None of this is to justify, in any way, the gruesome attack on Charlie Hebdo nor give comfort to anyone who uses violence in the name of religion. The blame for these attacks lies squarely with the perpetrators. But we can also use these dreadful events to take a cold, hard look at ourselves.
Really enjoyed reading this! Summed up all of what I have been thinking and feeling for the past 24 hours.
Thank you
Thank you for this. Clear, critical but fair – a sound not often heard these days.
I am amazed that you can call yourself a Professor of Peace & Conflict. More like a Professor of Fantasy and Fallacy. Your vitriolic, hateful and untruthful posts go no way to creating peace or understanding in our world today. Most of your posts claim that almost every current global conflict and incidents of terror today is a direct or indirect of some wrong-doing by the West, Zionists or another peaceful democratic society. You have used the same warped thinking to explain the awful events that have taken place in Paris this past week. You do Manchester University a great disservice.
Clearly Roger, you share none of the values of freedom of speech that you advocate in your articles, and for which millions of people in France marched for on Sunday.

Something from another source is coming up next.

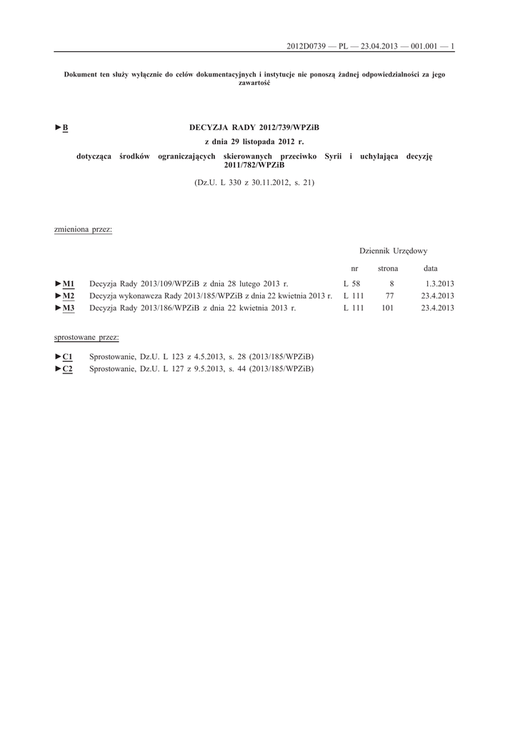 2012D0739 — PL — 23.04.2013 — 001.001 — 1 Dokument ten służy wyłącznie do celów dokumentacyjnych i instytucje nie ponoszą żadnej odpowiedzialności za jego zawartość DECYZJA RADY 2012/739/WPZiB ►B z dnia 29 listopada 2012 r. dotycząca środków ograniczających skierowanych przeciwko Syrii i uchylająca decyzję 2011/782/WPZiB (Dz.U. L 330 z 30.11.2012, s. 21) zmieniona przez: Dziennik Urzędowy ►M1 ►M2 ►M3 Decyzja Rady 2013/109/WPZiB z dnia 28 lutego 2013 r. Decyzja wykonawcza Rady 2013/185/WPZiB z dnia 22 kwietnia 2013 r. Decyzja Rady 2013/186/WPZiB z dnia 22 kwietnia 2013 r. sprostowane przez: ►C1 ►C2 Sprostowanie, Dz.U. L 123 z 4.5.2013, s. 28 (2013/185/WPZiB) Sprostowanie, Dz.U. L 127 z 9.5.2013, s. 44 (2013/185/WPZiB) nr strona L 58 L 111 L 111 8 77 101 data 1.3.2013 23.4.2013 23.4.2013 2012D0739 — PL — 23.04.2013 — 001.001 — 2 ▼B DECYZJA RADY 2012/739/WPZiB z dnia 29 listopada 2012 r. dotycząca środków ograniczających skierowanych przeciwko Syrii i uchylająca decyzję 2011/782/WPZiB RADA UNII EUROPEJSKIEJ, uwzględniając Traktat o Unii Europejskiej, w szczególności jego art. 29, a także mając na uwadze, co następuje: (1) 1 grudnia 2011 r. Rada przyjęła decyzję 2011/782/WPZiB doty czącą środków ograniczających skierowanych przeciwko Syrii (1). (2) Na podstawie przeglądu decyzji 2011/782/WPZiB Rada stwier dziła, że stosowanie środków ograniczających powinno zostać przedłużone do dnia 1 marca 2013 r. (3) Ponadto należy uaktualnić zawarty w załączniku I do decyzji 2011/782/WPZiB wykaz osób i podmiotów objętych środkami ograniczającymi. (4) Dla jasności środki nałożone decyzją 2011/273/WPZiB powinny zostać połączone w jednym akcie prawnym. (5) Decyzję 2011/782/WPZiB należy zatem uchylić. (6) Unia powinna podjąć dalsze działania, aby wprowadzić w życie niektóre środki, PRZYJMUJE NINIEJSZĄ DECYZJĘ: ROZDZIAŁ I OGRANICZENIA EKSPORTU I IMPORTU Artykuł 1 1. Sprzedaż, dostawa, przekazywanie lub eksport do Syrii wszelkich typów uzbrojenia i materiałów z nim związanych, łącznie z bronią i amunicją, pojazdami wojskowymi i sprzętem wojskowym, sprzętem paramilitarnym i częściami zamiennymi do wyżej wymienionych, jak również sprzętu, który mógłby zostać wykorzystany do stosowania wewnętrznych represji, przez obywateli państw członkowskich lub z terytoriów państw członkowskich lub z użyciem statków pływających pod ich banderą lub ich statków powietrznych, są zabronione nieza leżnie od tego, czy pochodzą z terytoriów państw członkowskich. 2. Sprzedaż, dostawa, przekazywanie lub eksport do Syrii niektórych innych: sprzętu, towarów i technologii, które mogłyby zostać wykorzys tane do stosowania wewnętrznych represji, lub do produkcji i konser wacji produktów, które mogłyby zostać wykorzystane do stosowania wewnętrznych represji, przez obywateli państw członkowskich lub z terytoriów państw członkowskich lub z użyciem statków pływających pod ich banderą lub ich statków powietrznych, są zabronione nieza leżnie od tego, czy pochodzą z terytoriów państw członkowskich. (1) Dz.U. L 319 z 2.12.2011, s. 56. 2012D0739 — PL — 23.04.2013 — 001.001 — 3 ▼B Unia podejmuje działania konieczne do określenia odpowiednich przed miotów, które mają być objęte zakresem niniejszego ustępu. 3. Zabronione jest: a) dostarczanie, bezpośrednio lub pośrednio, pomocy technicznej, usług pośrednictwa lub innych usług związanych z przedmiotami, o których mowa w ust. 1 i 2, lub związanych z dostarczaniem, produkcją, konserwacją i używaniem takich przedmiotów, jakiejkolwiek osobie fizycznej lub prawnej, podmiotowi lub organowi w Syrii lub w celu wykorzystania na terytorium tego kraju; b) zapewnianie, bezpośrednio lub pośrednio, finansowania lub pomocy finansowej związanej z przedmiotami, o których mowa w ust. 1 i 2, w tym w szczególności dotacji, pożyczek i ubezpieczeń kredytów eksportowych, a także ubezpieczeń i reasekuracji, w odniesieniu do jakiejkolwiek sprzedaży, dostawy, przekazywania lub eksportu takich przedmiotów, lub w odniesieniu do dostarczania związanej z tym pomocy technicznej, usług pośrednictwa lub innych usług jakiejkol wiek osobie fizycznej lub prawnej, podmiotowi lub organowi w Syrii lub w celu wykorzystania na terytorium Syrii. Artykuł 2 1. Sprzedaż, dostawa, przekazywanie lub eksport do Syrii niektórych: sprzętu, towarów i technologii innych niż te, o których mowa w art. 1 ust. 2, które mogłyby zostać wykorzystane do stosowania wewnętrznych represji, lub do produkcji i konserwacji produktów, które mogłyby zostać wykorzystane do stosowania wewnętrznych represji, przez obywateli państw członkowskich lub z terytoriów państw członkow skich lub z użyciem statków pływających pod ich banderą lub ich statków powietrznych, wymagają zezwolenia wydawanego po rozpat rzeniu każdego indywidualnego przypadku przez właściwe organy państwa członkowskiego eksportu. Unia podejmuje działania konieczne do określenia odpowiednich przed miotów, które mają być objęte zakresem niniejszego ustępu. 2. Zapewnianie: a) pomocy technicznej, usług pośrednictwa lub innych usług związa nych z przedmiotami, o których mowa w ust. 1, lub związanych z zaopatrzeniem, produkcją, konserwacją i używaniem takich przed miotów na rzecz jakiejkolwiek osoby fizycznej lub prawnej, podmiotu lub organu w Syrii lub w celu wykorzystania na teryto rium Syrii; b) finansowania lub pomocy finansowej związanej z przedmiotami, o których mowa w ust. 1, w tym w szczególności dotacji, pożyczek i ubezpieczeń kredytów eksportowych, a także ubezpieczeń i rease kuracji, w odniesieniu do jakiejkolwiek sprzedaży, dostawy, przeka zywania lub eksportu takich przedmiotów, lub w odniesieniu do dostarczania związanej z tym pomocy technicznej, usług pośred nictwa lub innych usług jakiejkolwiek osobie fizycznej l

I dare you to put my comment from yesterday back on your web site.
Please also take a good hard look at why muslim fanatics have alongside their terrorist atrocities have specifically killed jews in museums, schools and supermarkets in Bombay, Paris and in Brussels. And please don’t use Gaza or Charlie Hebdo as an excuse.
Look at your self closely too Roger. The emotive and profoundly inaccurate articles you write about the conflicts in the Middle East, and in particular the way you vilify Israel, feeds the distorted minds of the Islamic terrorist who are looking for any excuse to murder Jews on the streets of Europe’s capital cities.